Two days ago I rode for several hours in a car with someone I barely knew. He was an attentive listener and asked a lot of questions and by the time we arrived at my apartment, I realized I had disclosed more about me that I usually would have to a stranger, and that I’d told a lot of my main stories. Almost the whole collection. Except this one. In fact, I’m not sure I’ve ever written it down.
When I got off the Marlin in the fall of 2011, I shared a ride from Petoskey to Traverse City with Captain Smiley. The driver dropped me at my hotel, the same Holiday Inn that Tami and I checked into two nights ago. Although the website boasts that the architect, a disciple of Frank Lloyd Wright, built this hotel so that every room had a view, I got the one room that didn’t. My view was of the roof of the valet parking. I walked over to the window, to see if maybe I could see the lake from there. What I saw instead was what looked like a wad of bills laying on the rooftop.
Never one to pass by even a potentially lucky penny on the street, I opened the window to see if I could get to it. The window had a kind of lock preventing it from opening too far. I went through my luggage. My chef’s kit. I tried tweezers. Nothing would budge the screw on the lock mechanism. Defeated, I left my room and headed out for dinner.
I walked up and down the main street and decided that Red Ginger looked like my kind of place: asian fusion with an appealing cocktail menu and a Happy Hour special that let you sample a number of their main dishes as small plates. I walked in and took a seat at the bar. It wasn’t long before the man beside me started up a conversation. Somehow I mentioned that I had just gotten off a boat. It was all I could think about at the time, I was free after six months of cooking three meals a day. I was free to go and to do whatever I wanted. It was a strange sensation.
I would learn after that evening that the boat story would always be a conversation starter, a curiosity to engage even people with no interest in boats or sailing or the ocean.
This man had been a sailor for a while, he told me, but he had to stop because of his wife’s health. Then he told me about his life, how he’d come from nothing but was soon flying out for a meeting to handle a merger that involved one of the companies he owned in the oil and gas sector. Then he told me that he owned an advertising agency. That he supported artists. That he had a school in Haiti. And an interest in a golf course in Traverse City. He told me that he enjoyed starting businesses and helping people achieve their goals. At the time, I wasn’t sure what I was going to do next, but I thought it couldn’t hurt to have someone like him in my court.
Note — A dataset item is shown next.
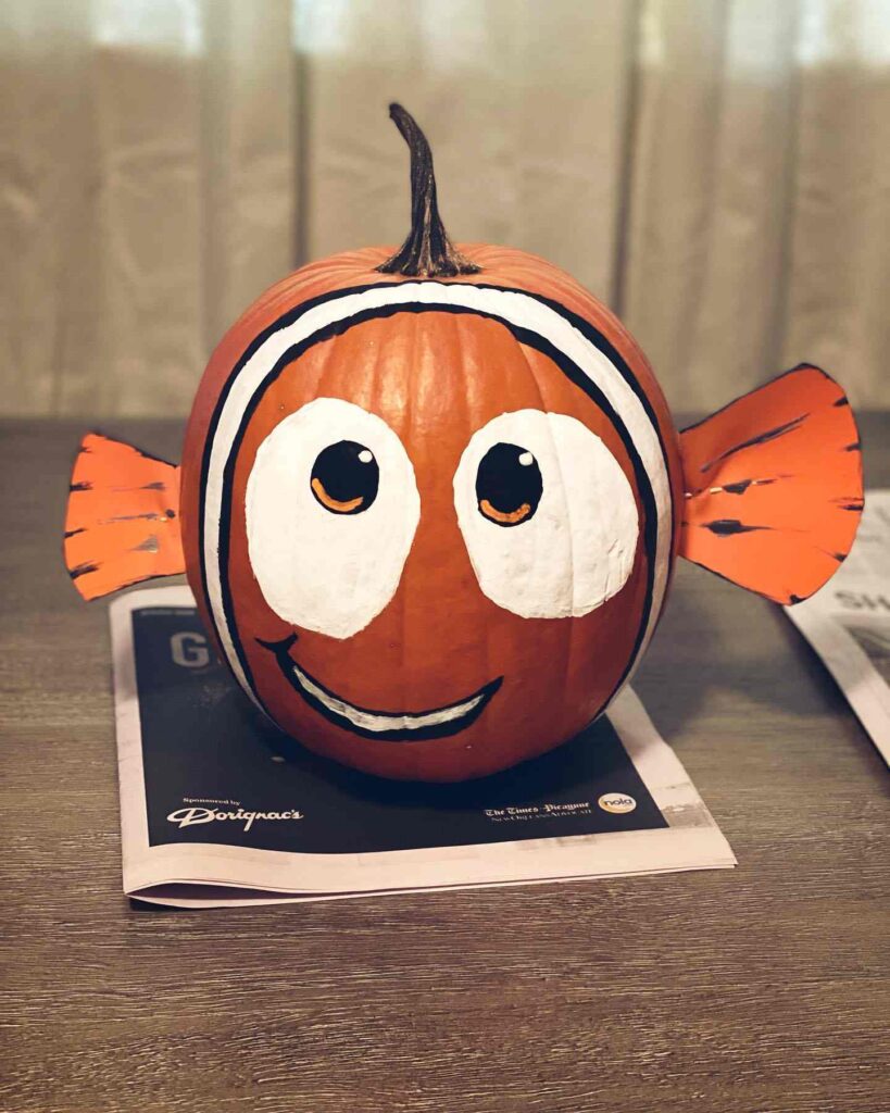 Just grab some orange, white, and black paint to bring Nemo’s signature stripes to life right on your pumpkin.

I asked him if, when I was ready, I could run my business plan past him. He said yes.
“Is that guy for real?”
“Yes,” he said. “He’s a regular. And he’s the real deal.”
I still think about starting a business. As my mother says, I have more ideas for new businesses and new stories than I know what to do with. This is true. But that night, suddenly being free to make a new start, I felt like I had been given a sign. A gentle push from the universe.
I got back to my hotel room to find that the room was stifling hot. I went to close the window and turn on the air and when I looked out onto the roof, there was the money. It had blown right up to the window sill. I reached out, hoping for a windfall. It was a single dollar bill.
Revisiting the scene of that story was not the only reason I wanted to go to Red Ginger. I remembered the food that night as being very good. Unfortunately, I had forgotten to check the menu and they did not have a lot of vegetarian options for Tami, and even fewer dishes to appeal to a younger audience.
Tami ordered the vegetarian roll with enoki mushrooms tumbling out of it. She also got an order of naan bread, served with hummus. Always one to light up at the mentioning of truffles, I ordered Chef Dan’s signature sushi roll, with shrimp and asparagus. The truffle favor was not super obvious, but the roll was tasty. I also ordered the calamari, which was calling to me because it had a Korean Kochujang vinaigrette on top. (Kochujang sauce is the sweet red pepper puree that is used on bibimbap and that I love to put on everything from brussels sprouts to eggs.) Tami doesn’t eat fish, either, so I was forced to devour the entire plate on my own.
With an eight-year-old in tow, we knew we would be ordering desserts, so we saved room. This is not my usual strategy. But this time it paid off.
There is more on the menu that I would love to have the occasion to try, like their pork ribs and the tuna with “Forbidden rice.” That just gives me one more reason to make another trip up to Traverse City someday.